IBM’s Amit Klein blogged in 2013 about two malware families called Tinba and Tilon and how they were going back to basics. He said we are witnessing an interesting trend: Organizations are rolling out advanced malware detection systems that force malware authors to drop some of their more advanced techniques and reuse older techniques that were abandoned years ago. The latest example of this trend is a Zeus variant that was detected by the IBM Security Trusteer research team this month. Using a unique HTML injection mechanism and static mule accounts, this malware is now targeting banks in Eastern Europe by covertly manipulating and performing transactions on the end user’s behalf.
In the last couple of years, many organizations took note of the malware threat and deployed advanced malware detection systems. These new security solutions were familiar with all the latest tricks that malware authors had to offer and contained effective countermeasures. But malware authors (and their criminal clients) did not sit idly by while their attacks were detected and eliminated; they fought back. Here are just three examples of such cases, examining the original criminal threat, the banks’ countermeasure and the criminals’ response to the countermeasure.
Case One
Cyber criminals use stolen user credentials to commit fraud from their own devices. Security solutions then start using device ID and device reputation techniques to identify criminal devices and logins not originating from the known end user’s device. In response, cyber criminals then use Remote Desktop Protocol (RDP) to connect to the victim’s device and commit the fraudulent activity from that trusted device. Device ID solutions see this as the legitimate client’s device and therefore do not generate an alert.
Case Two
Cyber criminals use automatic scripts that create a fraudulent transaction right after an infected user logs in to the account. Security solutions then start performing velocity tests to all transaction pages. If a transaction form is filled out in less than a second, it’s obviously not a human, and the transaction is challenged or declined. In response, cyber criminals create automatic scripts with a “slow-fill” function that fills out the transaction form in a humanlike way (characters are entered by the script with intervals of 0.1-2 seconds). Velocity tests view the automated script as human and do not generate an alert.
Case Three
Cyber criminals use HTML injections to display additional fields to victims, who fill them out and provide the attackers with more data. Security solutions then compare page input fields to determine if the user is submitting data the bank did not ask for. In response, cyber criminals use malware to inject full pages to the victim rather than alter the original bank page. Effectively, the user is unknowingly filling out a malware-generated page and not communicating with the bank’s website. The bank then only sees the fields expected and does not generate an alert.
The Zeus Variant
The IBM Security Trusteer research team recently identified a Zeus variant that uses a rather curious method to overcome malware detection solutions. This particular variant targets an Eastern European bank, whose transaction form contains typical data fields such as the paying account, transaction amount, beneficiary account, beneficiary name, beneficiary address and a transaction title. An HTML injection is applied to the transaction page that changes the HTML form field names of the beneficiary account number, name, address and transaction data (while leaving the source account field names and transaction amount field names unchanged). This Zeus variant also injects mule account data with the correct field names instead of the altered fields. The victim fills in the transaction details (at the HTML level, the field names for some data are incorrect), submits the form and the bank receives a HTTP request for the transaction only with the correct fields that now specify a receiving mule account.

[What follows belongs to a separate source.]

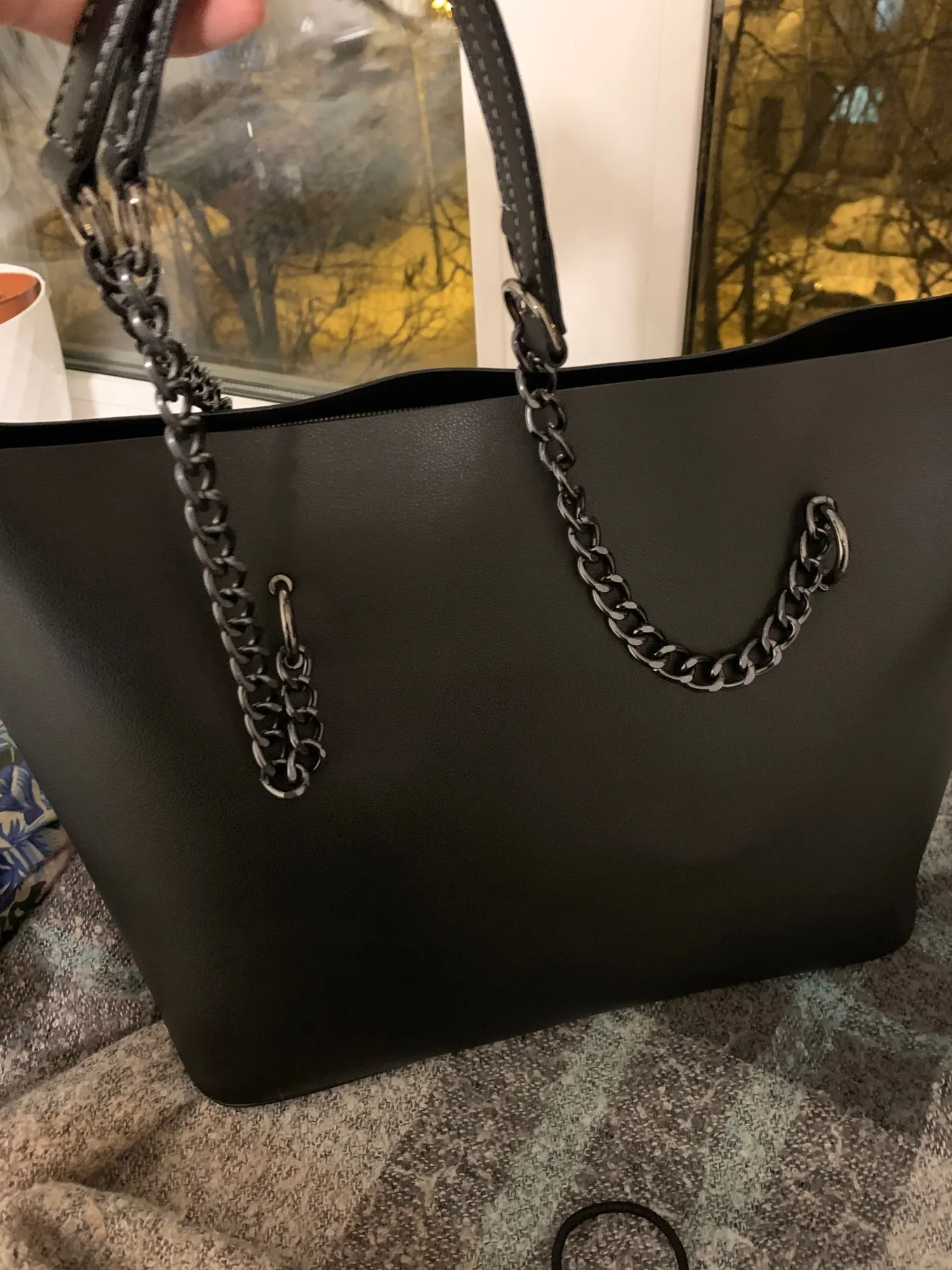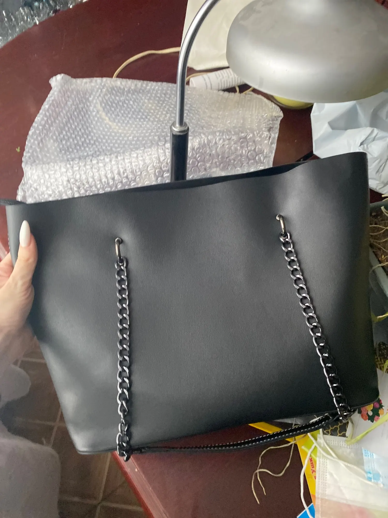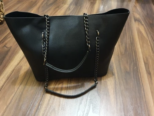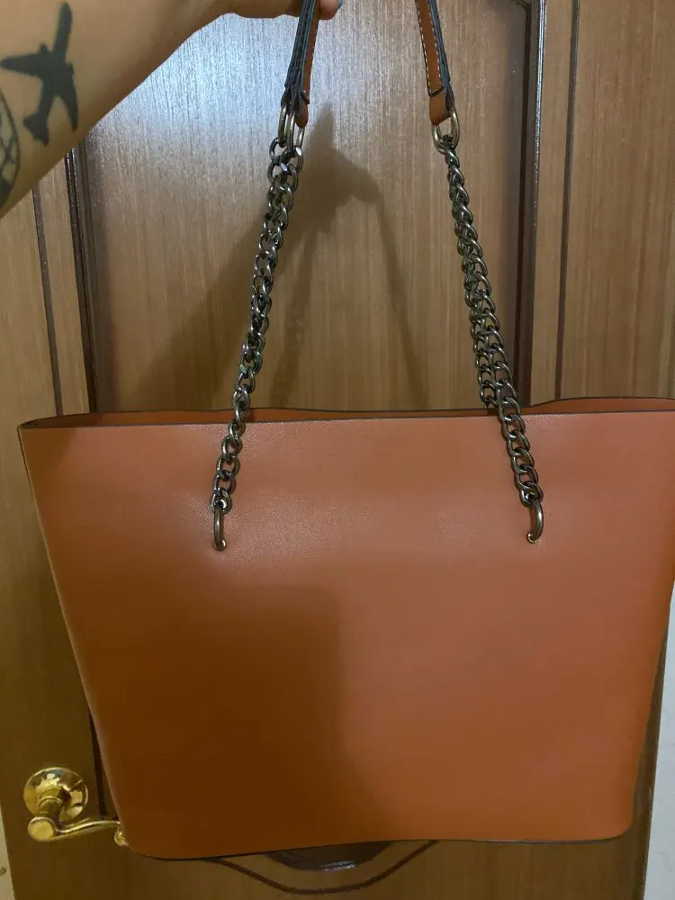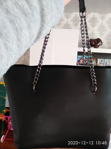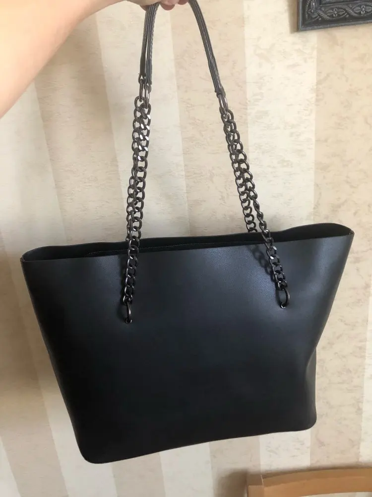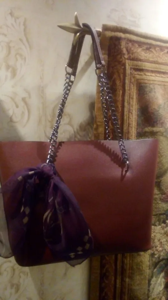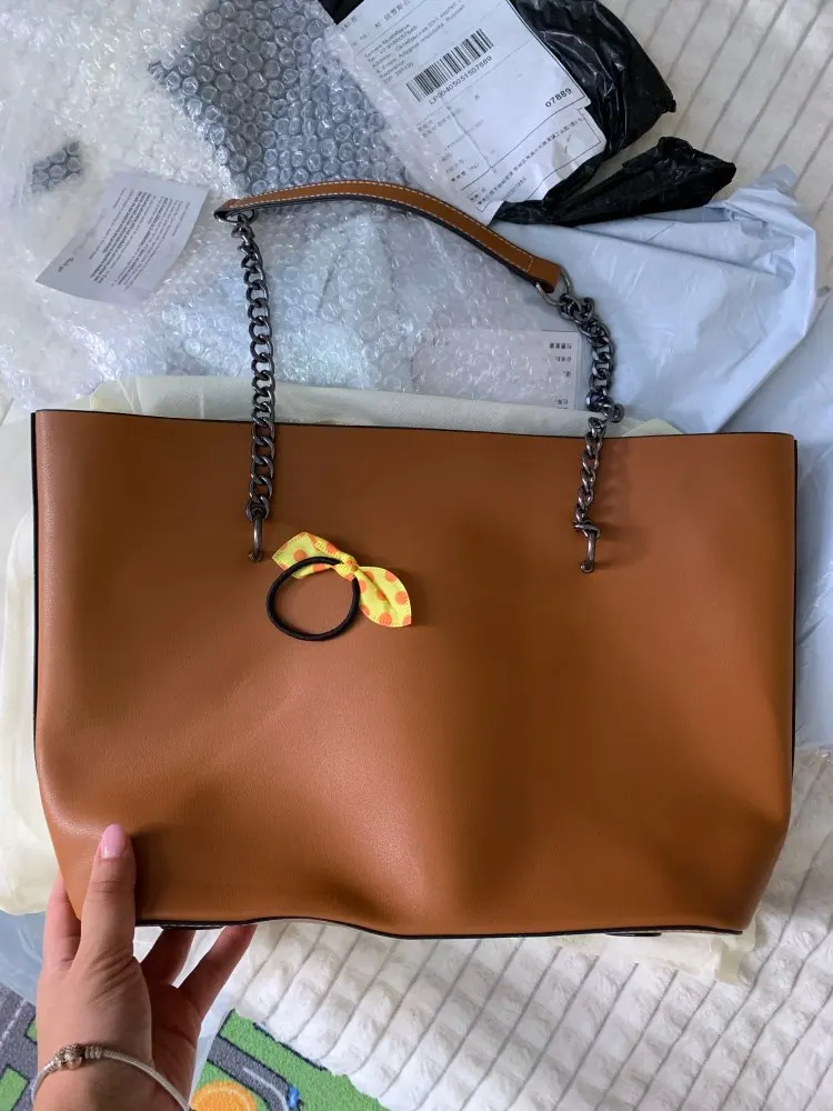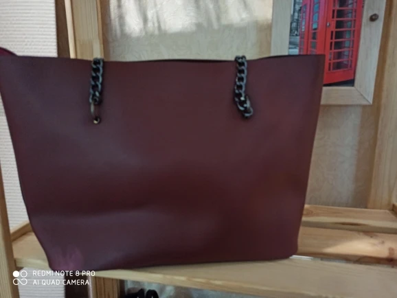 Сомневалась из-за цепей, но на плече смотрится очень симпатично, сшита хорошо, упакована отлично, я довольна. Пришла немного мятая и с небольшим запахом, но не критично. До спб после отправки дошло за 10 дней

To recap, the malware uses a hard-coded HTML injection (with static mule account information) to perform fraudulent transactions. This technique, though simple and generally uninvolved, offers two advantages over JavaScript (JS) HTML injection: Fewer “moving parts” (dynamic scripts) means tougher detection for antivirus and anti-malware solutions, and it works on browsers whose users disabled JS for security reasons. Simple and crude — but effective.
Just as users, organizations and security solutions study and adapt to new threats, malware authors remain stealthy by learning new security tactics. IBM Security Trusteer Rapport can detect, mitigate and remove this and other Zeus variants from infected devices. In addition, IBM Security Trusteer Pinpoint Malware Detection can effectively identify and warn organizations of malware-infected devices that attempt to log in and conduct transactions with their website.